I knew about Saturday Night Live and knew there were no plans past that for us to play. I booked five months of work. They had a true change of heart. I’m not involved with the blow-by-blow decision-making. It’s like when me and Amy sit around with my four dogs and wonder how much time I’ll spend on the road. I don’t call my bandmates and have them weigh in. it’s always a blessing. I’m coming up on my 32nd year with the band this May. It’s no fun to cancel or postpone shows. I’ll try to reschedule them all. It’s not like I had a huge choice in the matter. These clubs will forgive me and understand I hope the fans will come and see me when I make up the dates.
What has it been like to revisit The River?

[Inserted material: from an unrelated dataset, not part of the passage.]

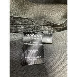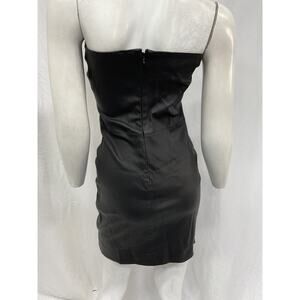 Sprwmn Strapless Black Leather Mini Dress Size M: unlined, exposed back zipper closure, unfinished hem.

We played all those songs in some form off and on for the past 32 years. We did the whole album once in New York City. I love the songs. To play them as a set piece is very powerful. I moved to L.A. in 1968 and had lived there for years when I ran into Bruce in the early ‘80s. We go back to 1970 when we did an audition night for Bill Graham’s Fillmore West. I was always a fan. I would see him and his band in the ‘70s and ‘80s. I bumped into him at the Marquis. He mentioned that he had just finished a double album called The River. He asked if I wanted to listen to it. I was very grateful for that. He threw me in the car and went over to the studio. He sat me in front of the old NS-10 speakers, which were popular playback speakers. I listened to the whole double album and I still remember being struck by how I felt like they got the sizzle and electricity of the live show into the grooves for the first time in terms of making records in a wholesale fashion. They got that sizzle into every track. My favorite thing is playing live when there’s that sizzle and energy and crackle in the air. It’d deafening and maddening and it’s just a muddy mess of musical insanity sometimes. That’s part of the live experience. I felt like they got that into the record. Now, God knows how many decades later to be playing it as a set piece and adding my bit because I wasn’t there is a great honor and I’m embracing it.
It was released during a recession. Do you think the songs reflect that?

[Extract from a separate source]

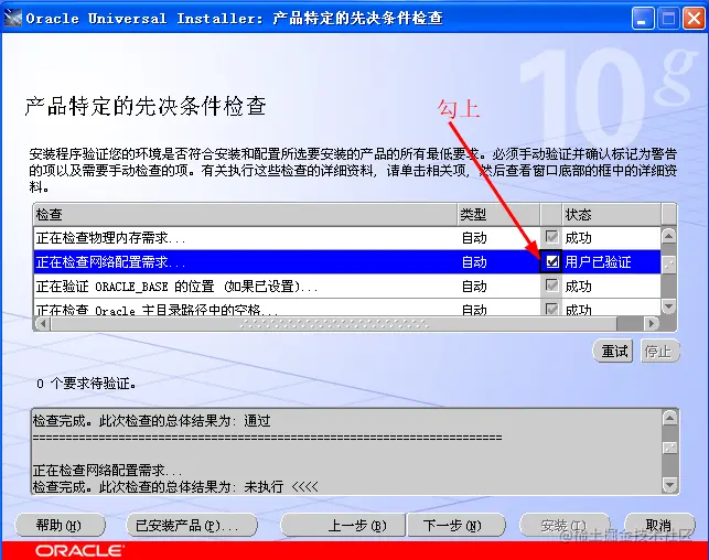 结果表明我们成功了。接下来我们可以正式安装Oracle了。

I think it’s more about personal struggle. I love how Bruce writes. He’s as great a lyricist as we’ve ever had. That’s his forte if I had to pick one. Either you’re at peace and everything is okay with friends, family and money or there’s something coming apart. Sometimes, it’s all coming apart. He speaks to that more from the common man perspective but doesn’t exclude everybody because it’s more about the internal workings of man and the inherent human nature of greed and satisfying yourself and never having enough of things. It’s the reality of how is your family doing. Maybe your wife is sick. Maybe my parents are getting old and feeble and what do I do? It’s all in there. You’re sitting there inconsolable with “Stolen Car” and then he starts “Ramrod,” and it’s a wakeup call. It’s back and forth. I’m that schizophrenic writer myself. I do country, blues, rock, R&B and metal. It all comes from the blues and folk. Bruce has put it together in his own voice as well as anyone in history as ever done. I’m happy to sit there and play these songs that are so dear to me and add my piece to it and know that I have good instincts for it.
Springsteen has said that the album was a gateway of sorts to the writing that would emerge on subsequent albums. Do you think of the album in that way? I mean it’s not all doom and gloom.
It’s about the best of the human spirit. There is doom and gloom. If you’re smart, you’ll go and get out of your head and play basketball or football. Or play music for fun. Or paint or sing. You might interact with friends and family and things. Things that are funny and joyous and physical. Some people find comfort in their jobs. I’m lucky in that I am one of those people who can find a comfort even in my job.